*** Dataset content Section Begins ***

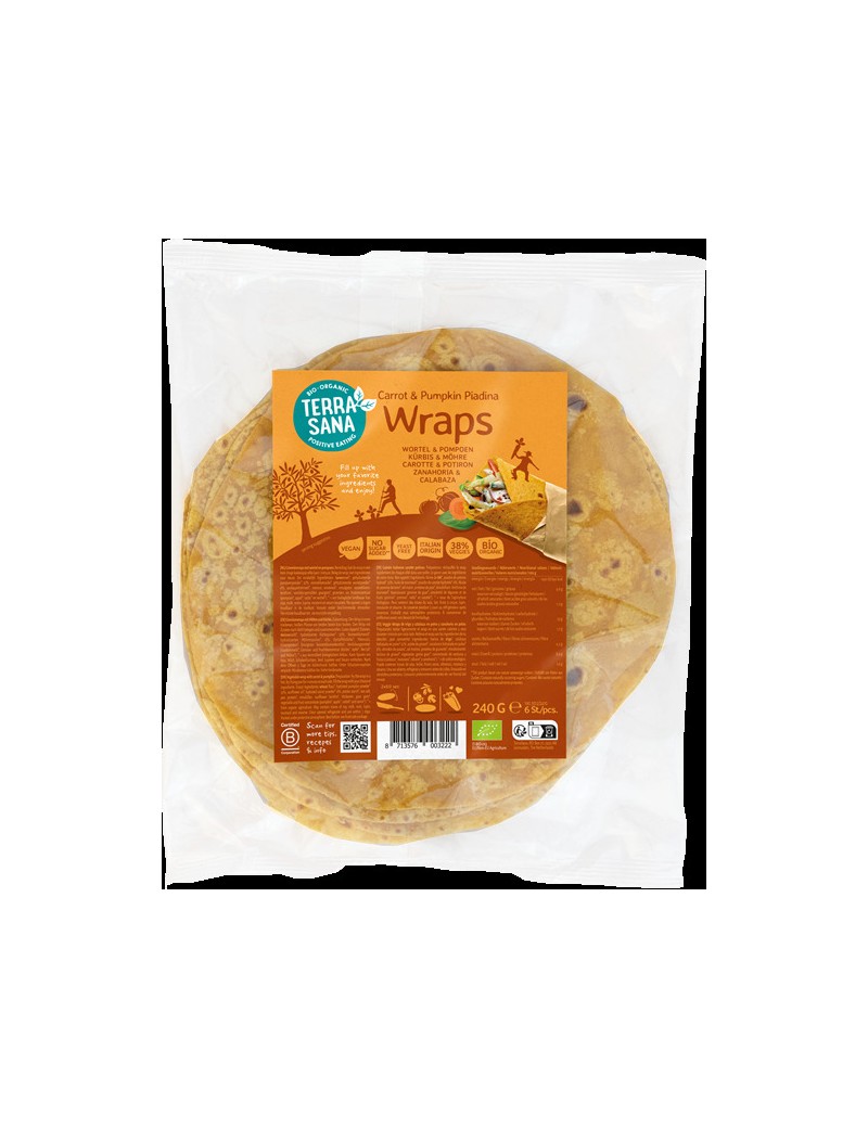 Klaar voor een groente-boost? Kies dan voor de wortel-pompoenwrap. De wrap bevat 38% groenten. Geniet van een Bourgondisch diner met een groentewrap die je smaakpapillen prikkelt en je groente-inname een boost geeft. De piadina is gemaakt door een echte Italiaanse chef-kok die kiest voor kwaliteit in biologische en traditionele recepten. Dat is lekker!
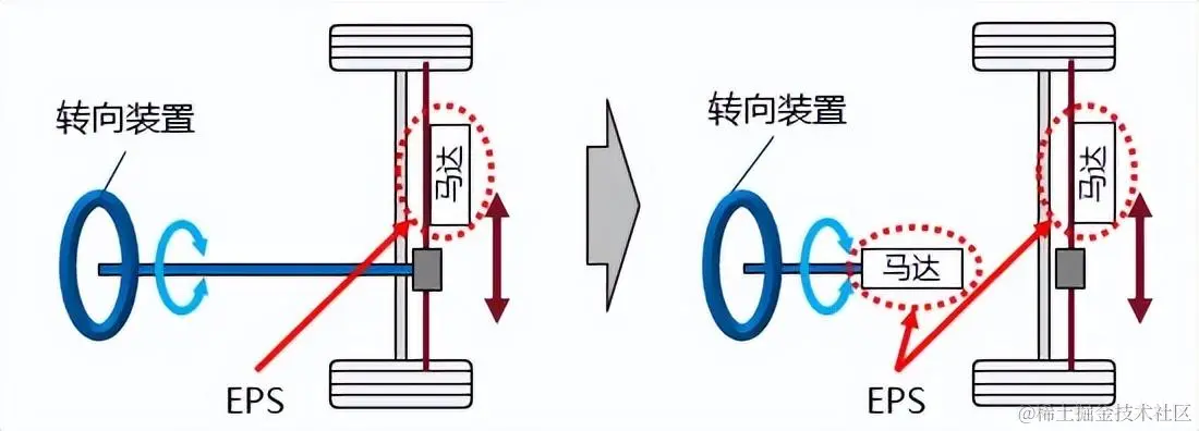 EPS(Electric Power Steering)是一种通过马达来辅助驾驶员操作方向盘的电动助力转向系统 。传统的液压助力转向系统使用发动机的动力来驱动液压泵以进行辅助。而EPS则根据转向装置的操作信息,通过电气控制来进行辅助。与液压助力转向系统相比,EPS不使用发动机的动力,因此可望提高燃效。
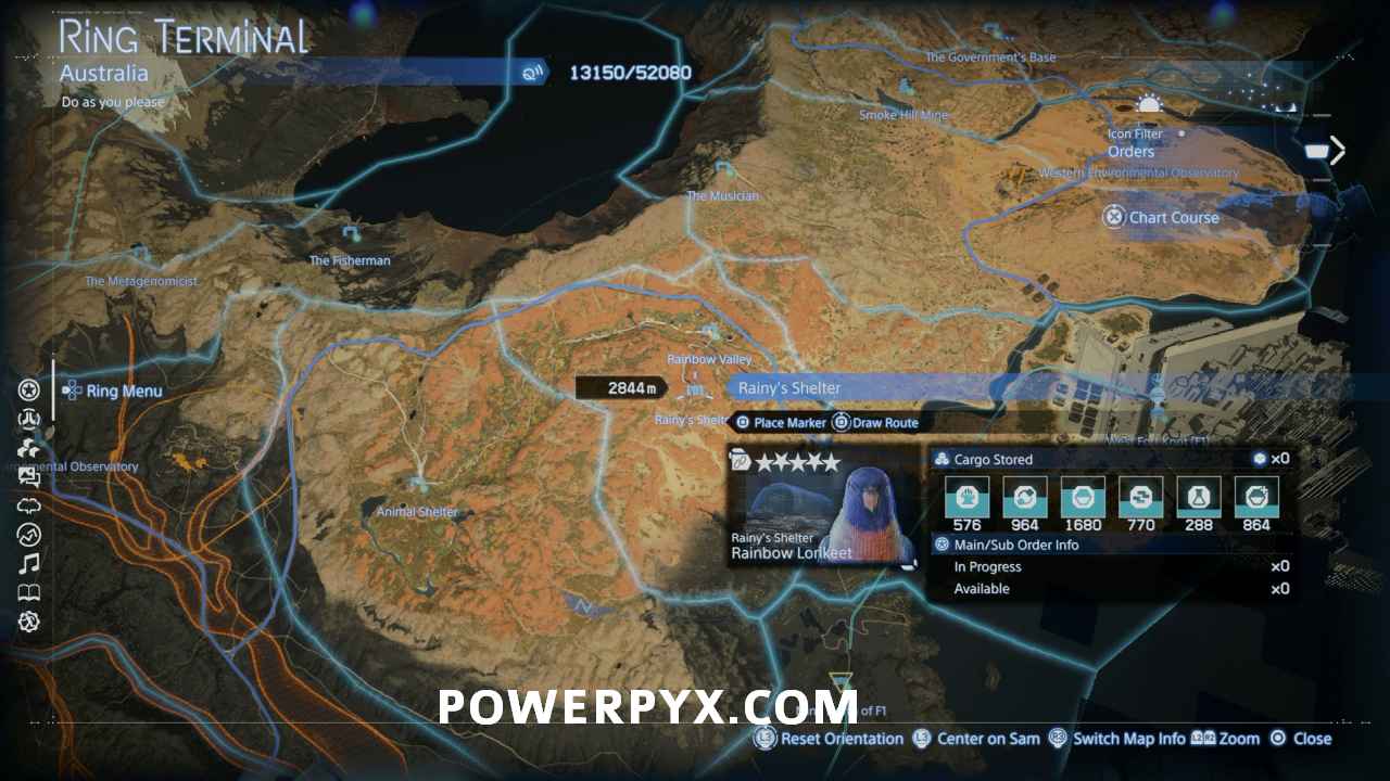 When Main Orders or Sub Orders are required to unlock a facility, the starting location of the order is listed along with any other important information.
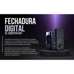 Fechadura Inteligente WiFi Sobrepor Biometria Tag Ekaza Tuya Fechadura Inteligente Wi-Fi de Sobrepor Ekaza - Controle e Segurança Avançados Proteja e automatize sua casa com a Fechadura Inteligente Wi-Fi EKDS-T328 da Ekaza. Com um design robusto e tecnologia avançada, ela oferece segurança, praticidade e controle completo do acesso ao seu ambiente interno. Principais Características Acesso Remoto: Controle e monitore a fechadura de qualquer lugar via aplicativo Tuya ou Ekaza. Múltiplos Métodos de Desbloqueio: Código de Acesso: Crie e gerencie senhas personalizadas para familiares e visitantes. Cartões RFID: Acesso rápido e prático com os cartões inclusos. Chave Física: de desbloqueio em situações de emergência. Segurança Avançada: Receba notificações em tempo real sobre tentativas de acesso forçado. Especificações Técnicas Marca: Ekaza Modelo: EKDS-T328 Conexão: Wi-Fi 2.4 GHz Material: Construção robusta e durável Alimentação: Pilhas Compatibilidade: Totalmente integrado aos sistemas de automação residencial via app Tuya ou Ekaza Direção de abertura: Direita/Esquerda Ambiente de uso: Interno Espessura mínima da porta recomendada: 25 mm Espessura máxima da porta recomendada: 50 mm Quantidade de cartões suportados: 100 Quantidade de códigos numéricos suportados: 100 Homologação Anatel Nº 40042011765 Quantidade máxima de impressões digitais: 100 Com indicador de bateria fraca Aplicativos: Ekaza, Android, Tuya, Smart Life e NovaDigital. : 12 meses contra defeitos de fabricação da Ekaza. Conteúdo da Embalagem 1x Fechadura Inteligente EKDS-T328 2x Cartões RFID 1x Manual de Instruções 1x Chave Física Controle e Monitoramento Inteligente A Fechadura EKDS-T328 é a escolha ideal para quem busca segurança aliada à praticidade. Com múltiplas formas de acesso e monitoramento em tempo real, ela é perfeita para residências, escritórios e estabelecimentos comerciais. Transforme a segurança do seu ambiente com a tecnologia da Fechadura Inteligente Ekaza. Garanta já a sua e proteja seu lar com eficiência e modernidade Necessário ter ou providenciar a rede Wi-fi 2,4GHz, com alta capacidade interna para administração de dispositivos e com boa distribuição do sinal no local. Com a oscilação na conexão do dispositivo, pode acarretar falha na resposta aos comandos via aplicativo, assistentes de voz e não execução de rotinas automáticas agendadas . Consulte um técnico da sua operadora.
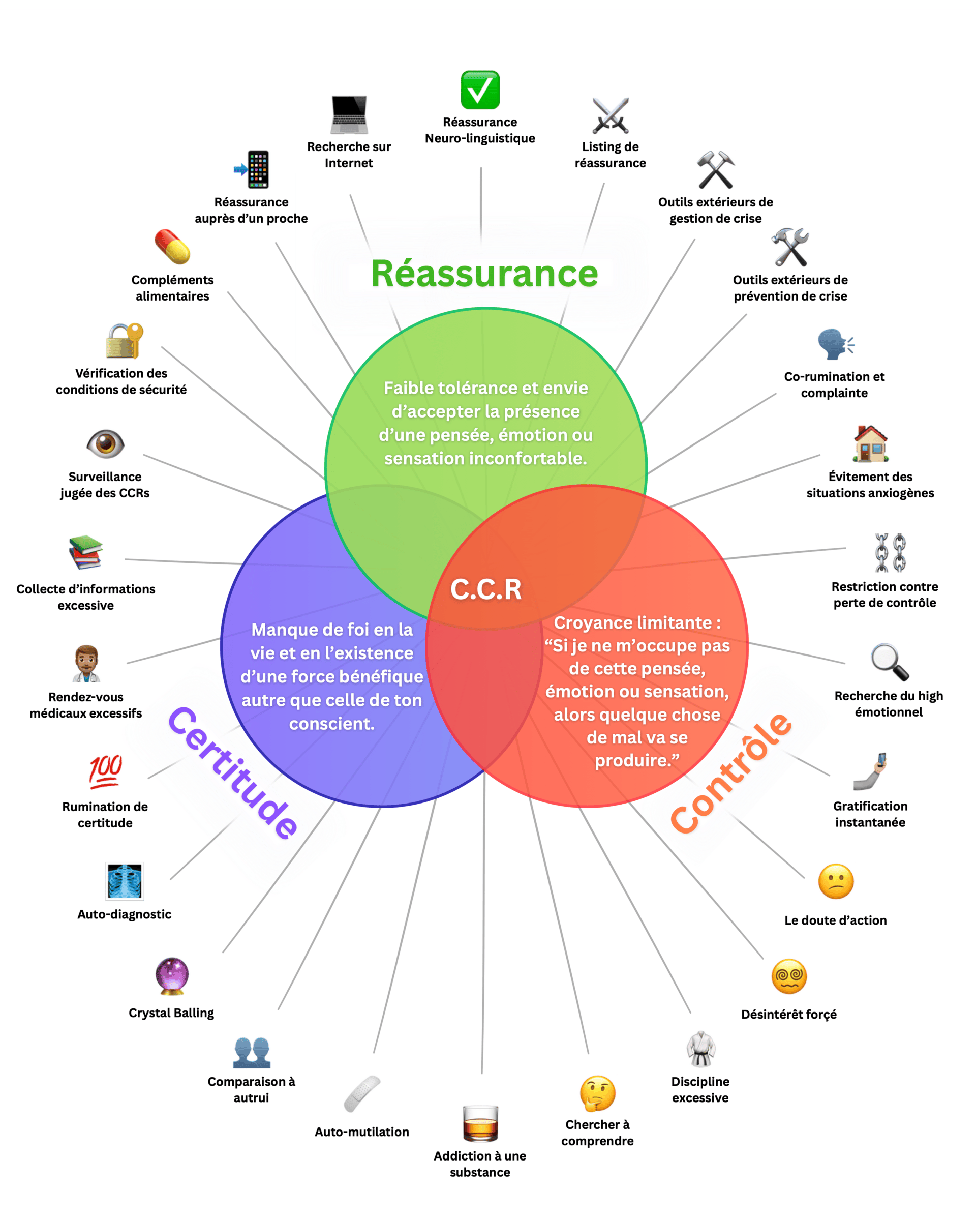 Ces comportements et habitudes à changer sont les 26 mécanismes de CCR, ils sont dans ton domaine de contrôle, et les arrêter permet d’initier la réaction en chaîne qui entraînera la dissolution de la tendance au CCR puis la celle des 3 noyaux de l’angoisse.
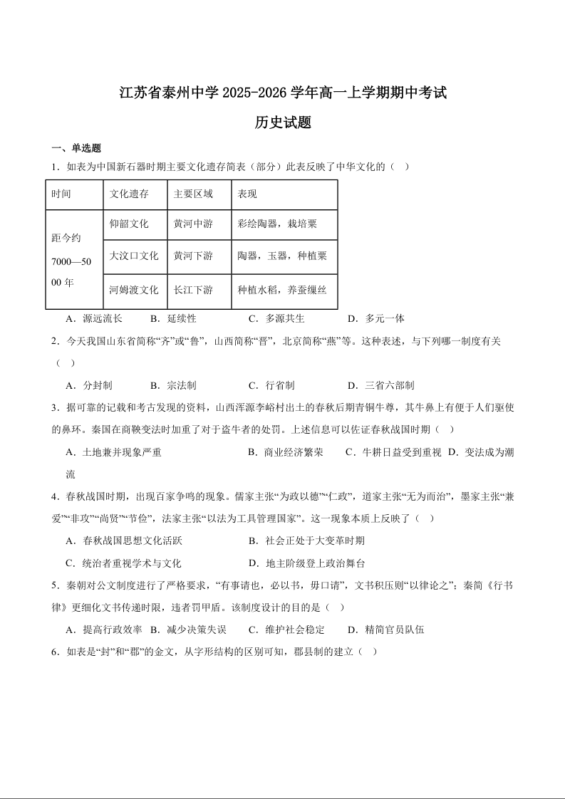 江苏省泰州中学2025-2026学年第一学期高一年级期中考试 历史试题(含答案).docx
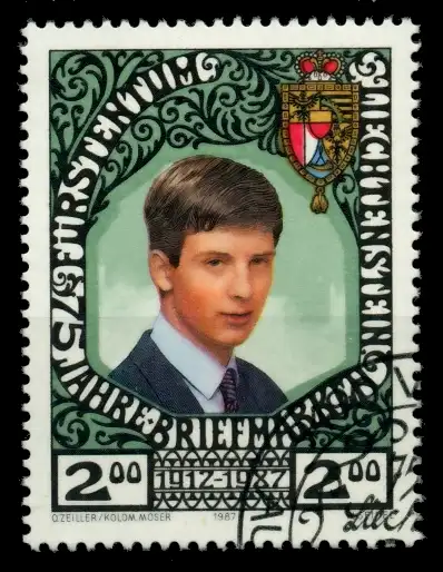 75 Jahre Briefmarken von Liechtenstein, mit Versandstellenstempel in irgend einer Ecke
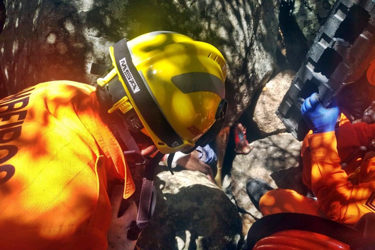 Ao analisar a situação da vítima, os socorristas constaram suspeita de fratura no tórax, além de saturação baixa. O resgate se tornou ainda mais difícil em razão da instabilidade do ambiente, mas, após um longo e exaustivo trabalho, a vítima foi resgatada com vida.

*** Dataset content Section Ends ***

The lines running from the one with "75 Jahre Briefmarken" to the close of the material above are to be retyped exactly; no picture is to be included.

- Reply to the task
 75 Jahre Briefmarken von Liechtenstein, mit Versandstellenstempel in irgend einer Ecke
 Ao analisar a situação da vítima, os socorristas constaram suspeita de fratura no tórax, além de saturação baixa. O resgate se tornou ainda mais difícil em razão da instabilidade do ambiente, mas, após um longo e exaustivo trabalho, a vítima foi resgatada com vida.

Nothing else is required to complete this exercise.